4. Implement an external, offsite backup system for user data based on data classification and sensitivity: Hosting data offsite is becoming a preferred storage method for many small businesses and accounting firms, according to Stark.
"It makes a lot of business sense. It solves a lot of problems for business-continuity reasons, and it is a simple and effective method to store data," he said. "I talked to a couple of clients who had a massive, catastrophic data loss because of hard drives that failed on computers and the backups were not working. Any type of backup solution, whether it is a Cloud system or internal, needs to be monitored to see if the backup is working and then periodically tested to see if you can restore the data. That is absolutely critical."
The Service Organization Control (SOC) 2 reporting standard from the American Institute of CPAs (AICPA) enables Cloud providers to offer customers and other stakeholders a written report on the security, availability, processing integrity, confidentiality, and privacy of their systems and internal controls.
"SOC 2 is really focused on the evolving landscape of IT and how Cloud has become such a valuable solution, but you really want to have some sort of assertion that providers' systems are sound," Stark said. "We expect this report to be more demanded by customers of Cloud service providers. It is something any small business can ask for when they talk to potential providers: Do you have this report? How are your systems set up? What is your response time? Where is the data physically located? How am I going to make sure that it is available when I need it?"
5. Monitor and maintain physical risk assessment of the network under security procedures: Successful risk assessment takes IT personnel to sometimes take a step back from a system that "may be their baby" and figure out if the system is vulnerable to risk, Stark said.

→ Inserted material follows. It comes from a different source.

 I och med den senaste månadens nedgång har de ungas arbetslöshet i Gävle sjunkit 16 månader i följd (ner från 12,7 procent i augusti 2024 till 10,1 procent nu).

He also said it is critical for senior management to understand that security is an important element for the business to survive and thrive.

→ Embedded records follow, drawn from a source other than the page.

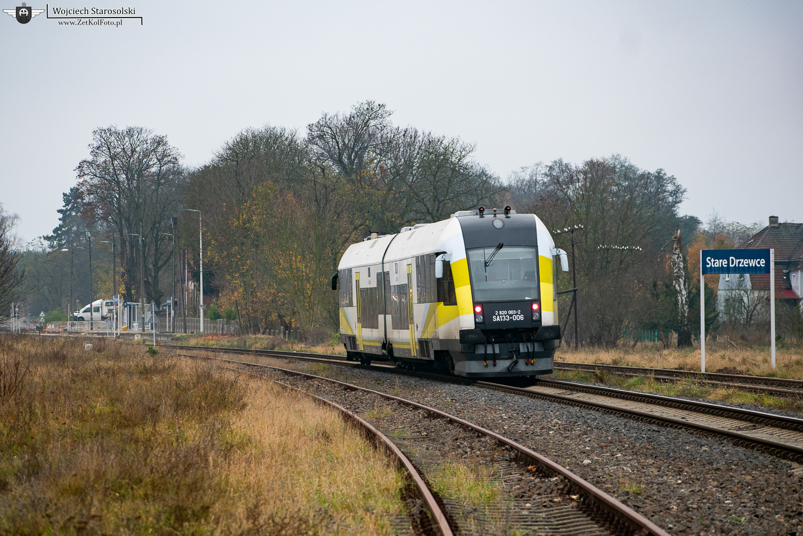 11.11.2024 | Stare Drzewce | Szlak podg.Głogówko-Stare Drzewce | SA133-006 jako osobówka z Leszna do Głogowa, mija dawną stację stare Drzewce, jadąc w kierunku podg.Głogówko.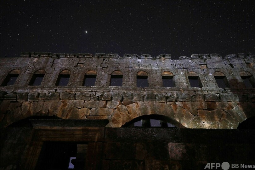 【8月7日 AFP】5世紀に建てられたシリアのバシリカ式教会堂と、上空に昇る天の川銀河(銀河系、Milky Way)。
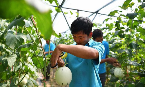 Farmers pick honeydew melons in Foluo Town of Ledong County, south China's Hainan Province, Dec. 9, 2017. The total sales of Ledong County increased from 800 million of last year to 1.8 billion Yuan during the Hainan International Winter Trade Fair of Tropical Agricultural Products among which honeydew melons account for 730 million Yuan.Photo: Xinhua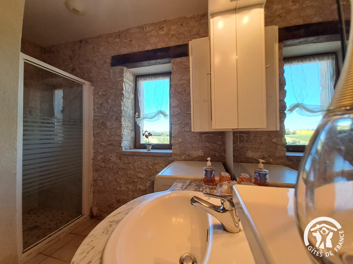 - Salle d'eau avec un lavabo, douche et lave-linge

"You really need to have a multitiered, multipronged approach with top-level support from management. It should be aligned with the business risks that you have, and it should be aligned with the use of the technology that your company has," Stark said. "A mom-and-pop grocery store may have one different set of challenges versus a company that handles confidential client data and has multiple offices connected remotely with people with laptops."
Monitoring the network is another critical piece of any control structure, Stark added.

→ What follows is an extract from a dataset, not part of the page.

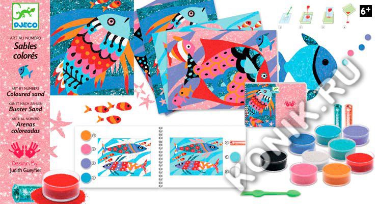 Набор для детского творчества «Радужные рыбки» от французского производителя Djeco (Джеко) позволит каждому ребёнку создать собственную художественную картину своими руками.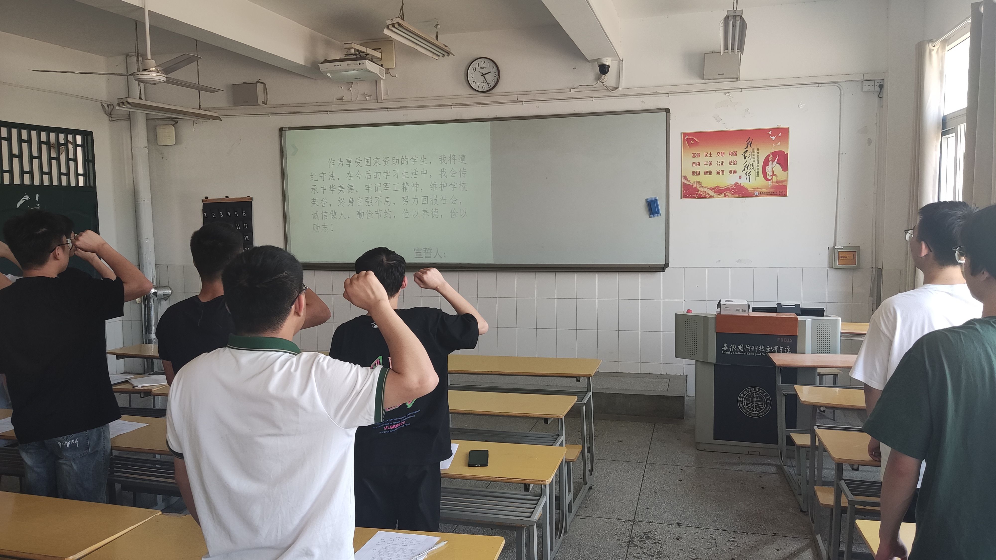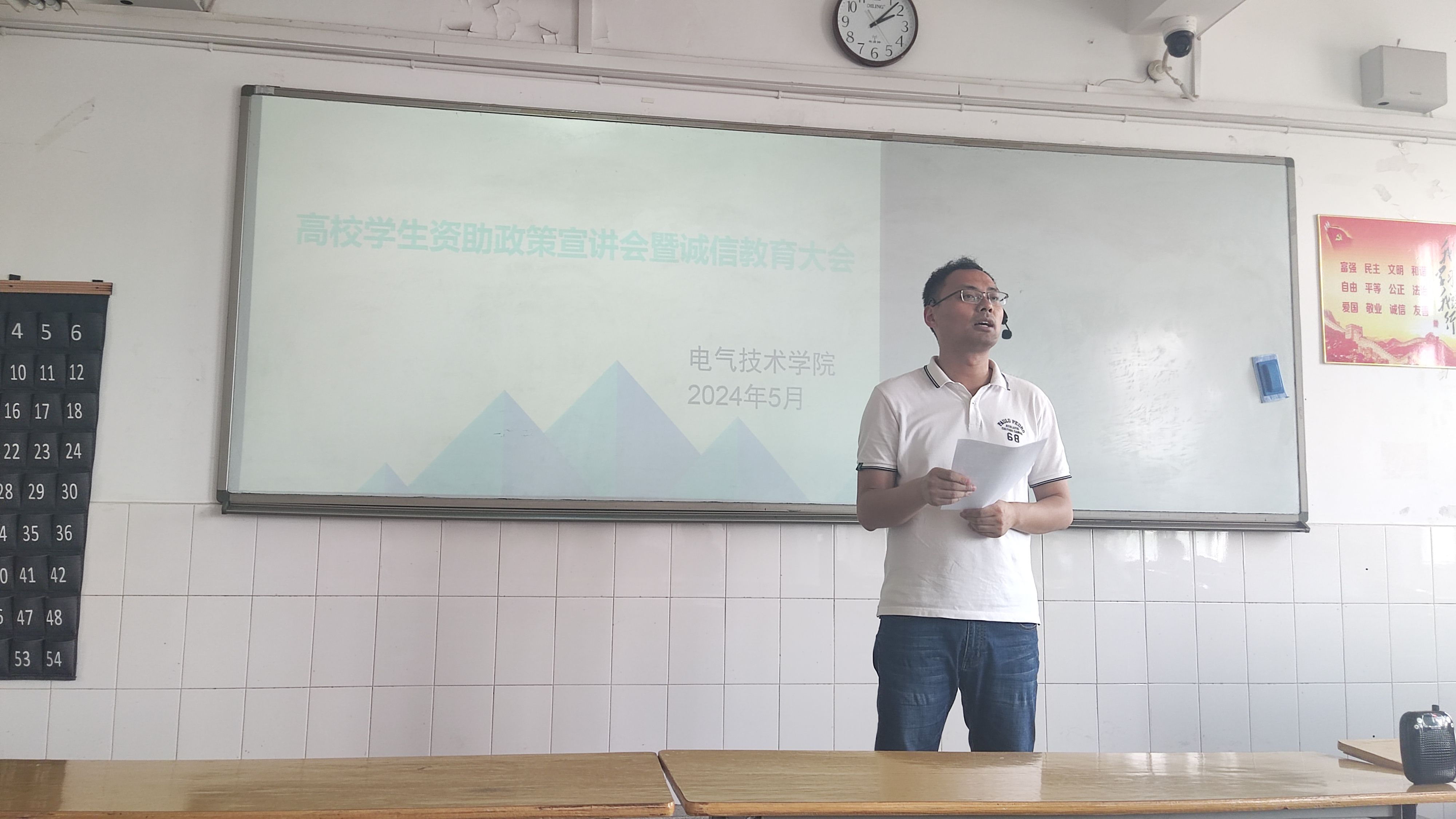 为推动学生资助诚信教育活动深入开展,进一步培养大学生树立诚信观念、增强法律意识,全面构建资助育人质量提升体系,构建诚实守信的校园文化氛围,展现电气技术学院学子“诚信朴实”的精神风貌。5月22日下午,我院在2教208教室开展了以“践行诚信 筑梦未来”为主题的资助诚信教育专题讲座暨宣誓,签名活动。

"You can either do it as a surprise, or you can do it on a consistent basis. But the monitoring element has to exist because of the changes in technology and the changes in access solutions," he concluded. "At a small or medium-sized business or accounting firm, monitoring the backup system and testing the data restore function needs to be done at least on an annual basis or when there have been major changes to the network. If you think the backup is running and it actually is not, that is a big problem."